Potency comparisons between DEXTROSE 10% AND SODIUM CHLORIDE 0.11% IN PLASTIC CONTAINER and AMINOPHYLLINE IN SODIUM CHLORIDE 0.45% IN PLASTIC CONTAINER depend on the specific clinical indication. These are both Electrolyte agents and are not directly interchangeable by dose. A physician or clinical pharmacist should guide any therapeutic switching decisions.
The standard adult dose of DEXTROSE 10% AND SODIUM CHLORIDE 0.11% IN PLASTIC CONTAINER is: Intravenous infusion; dose depends on fluid and caloric needs, typically 100-200 m L/hour for maintenance in adults. Maximum infusion rate: 0.5 g/kg/hour dextrose.. The standard adult dose of AMINOPHYLLINE IN SODIUM CHLORIDE 0.45% IN PLASTIC CONTAINER is: Loading dose: 5-6 mg/kg IV over 20-30 minutes (if not on theophylline). Maintenance: 0.5-0.7 mg/kg/h IV continuous infusion.. Dosing should always be individualized based on indication, renal and hepatic function, age, and other patient factors.
A moderate-severity drug interaction has been identified when combining DEXTROSE 10% AND SODIUM CHLORIDE 0.11% IN PLASTIC CONTAINER and AMINOPHYLLINE IN SODIUM CHLORIDE 0.45% IN PLASTIC CONTAINER. The risk or severity of adverse effects can be increased when Sodium chloride is combined with Tolvaptan. Consult your prescriber before combining these medications.

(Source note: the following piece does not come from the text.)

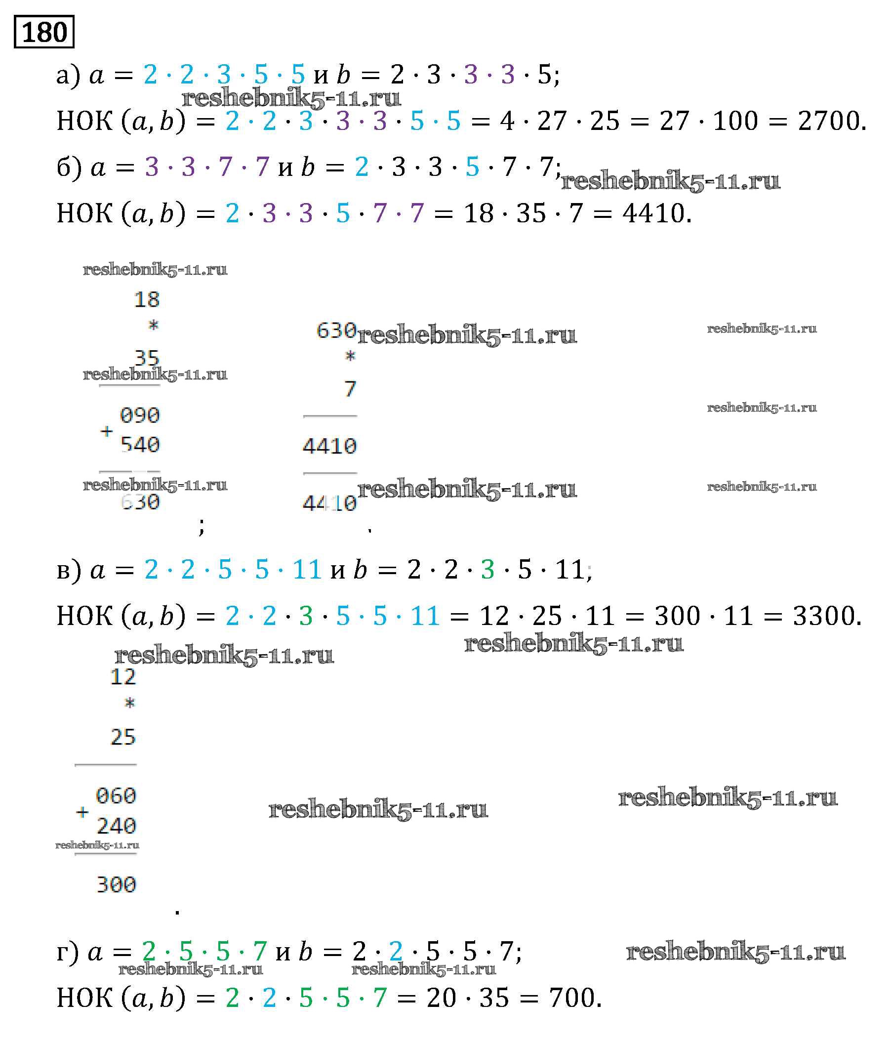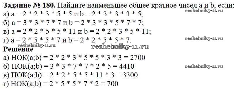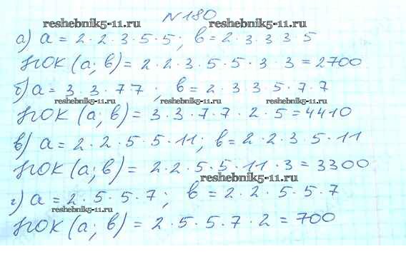 Готовая домашняя работа с ответами по Математике за 6 класс Виленкин, Жохов, Чесноков, Шварцбурд Учебник Мнемозина 2014 ФГОС - §1. Делимость чисел 180

The maternal-fetal safety profiles differ. DEXTROSE 10% AND SODIUM CHLORIDE 0.11% IN PLASTIC CONTAINER is classified as Category A/B. No known teratogenic risk. Dextrose and sodium chloride are physiologic components; hyperglycemia from high dextrose doses may be associated with fetal macrosomia and neonatal hypo. AMINOPHYLLINE IN SODIUM CHLORIDE 0.45% IN PLASTIC CONTAINER is classified as Category A/B. Pregnancy Category C. First trimester: Limited human data; animal studies show no teratogenicity but some developmental delays at high doses. Second and third trimesters: Use only . Always consult a maternal-fetal medicine specialist before taking either drug during pregnancy or lactation.